Work instruction:
Find the line with "大毯面設(shè)計(jì)" in the entries below, then output every line from it down to the line with "Both plates are", exactly and with no pictures.

Data to process:
- - - - - - -

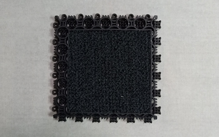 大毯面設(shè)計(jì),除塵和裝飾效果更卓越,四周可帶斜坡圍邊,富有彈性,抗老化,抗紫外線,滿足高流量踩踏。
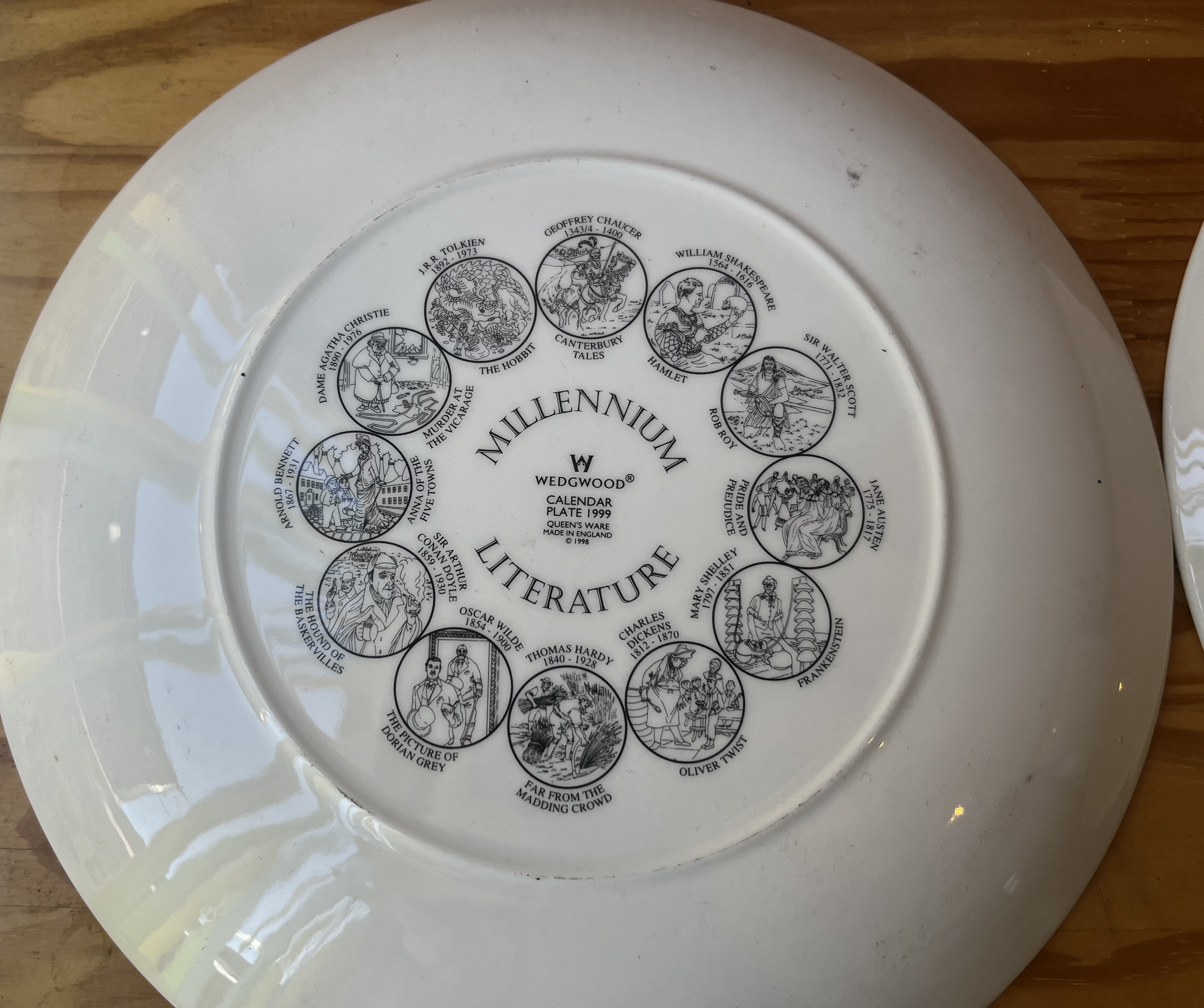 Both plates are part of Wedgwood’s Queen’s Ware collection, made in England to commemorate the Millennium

- - - - - - -

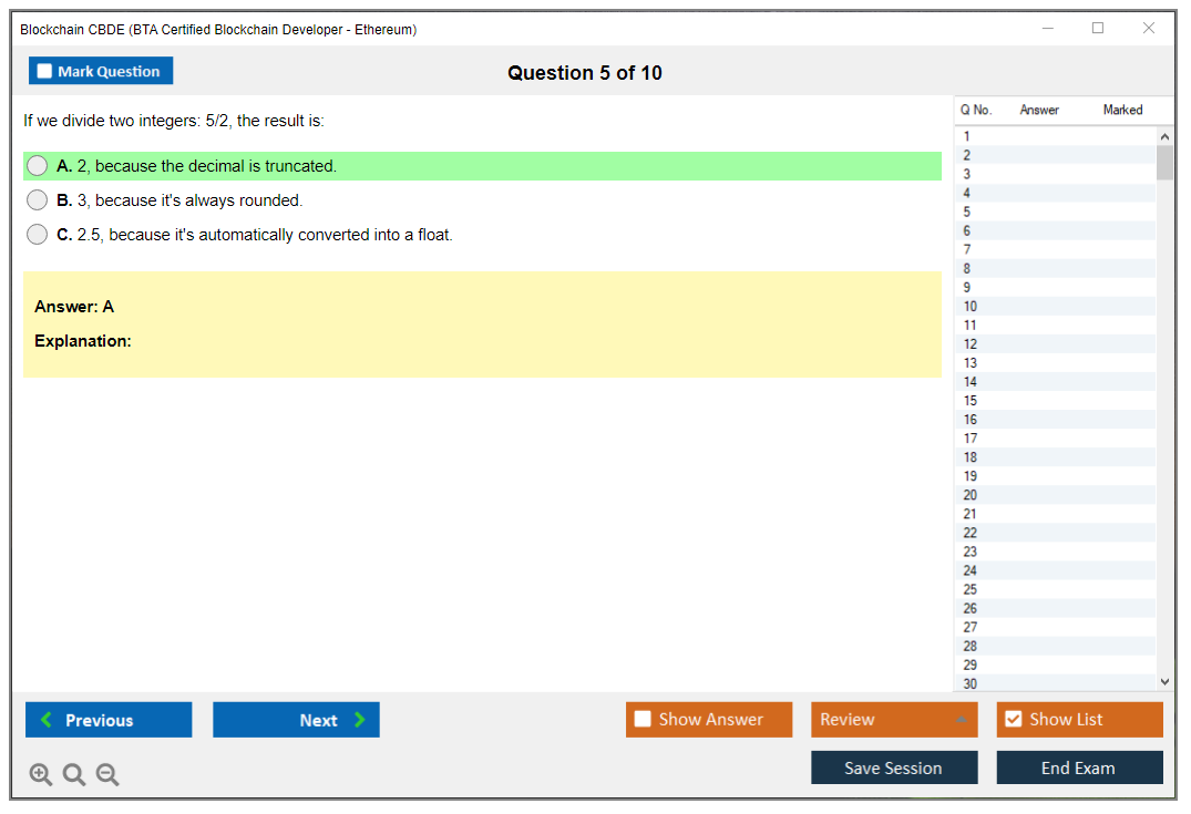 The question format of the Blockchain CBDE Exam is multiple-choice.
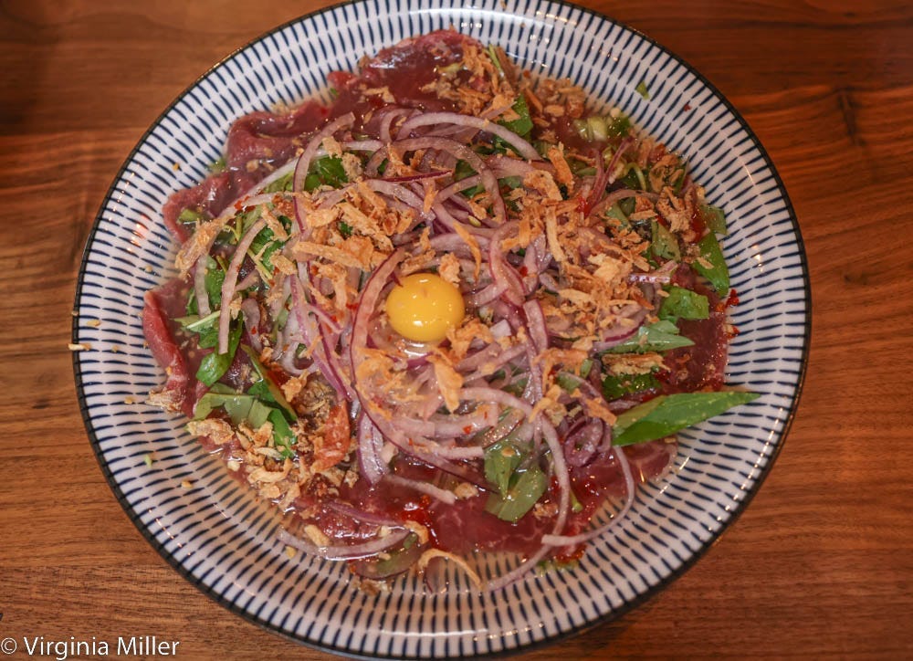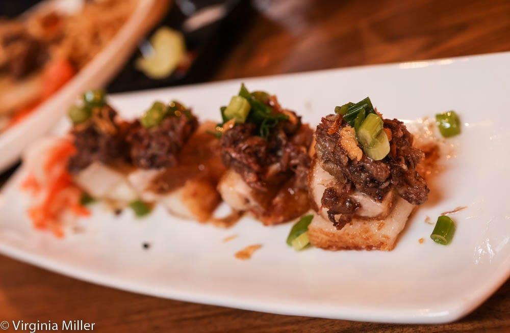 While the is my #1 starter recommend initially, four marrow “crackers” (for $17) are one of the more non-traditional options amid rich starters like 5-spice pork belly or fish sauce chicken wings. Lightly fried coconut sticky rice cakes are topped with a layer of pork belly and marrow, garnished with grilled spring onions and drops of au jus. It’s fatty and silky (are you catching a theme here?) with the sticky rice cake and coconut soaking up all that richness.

- - - - - - -

Written response:
 大毯面設(shè)計(jì),除塵和裝飾效果更卓越,四周可帶斜坡圍邊,富有彈性,抗老化,抗紫外線,滿足高流量踩踏。
 Both plates are part of Wedgwood’s Queen’s Ware collection, made in England to commemorate the Millennium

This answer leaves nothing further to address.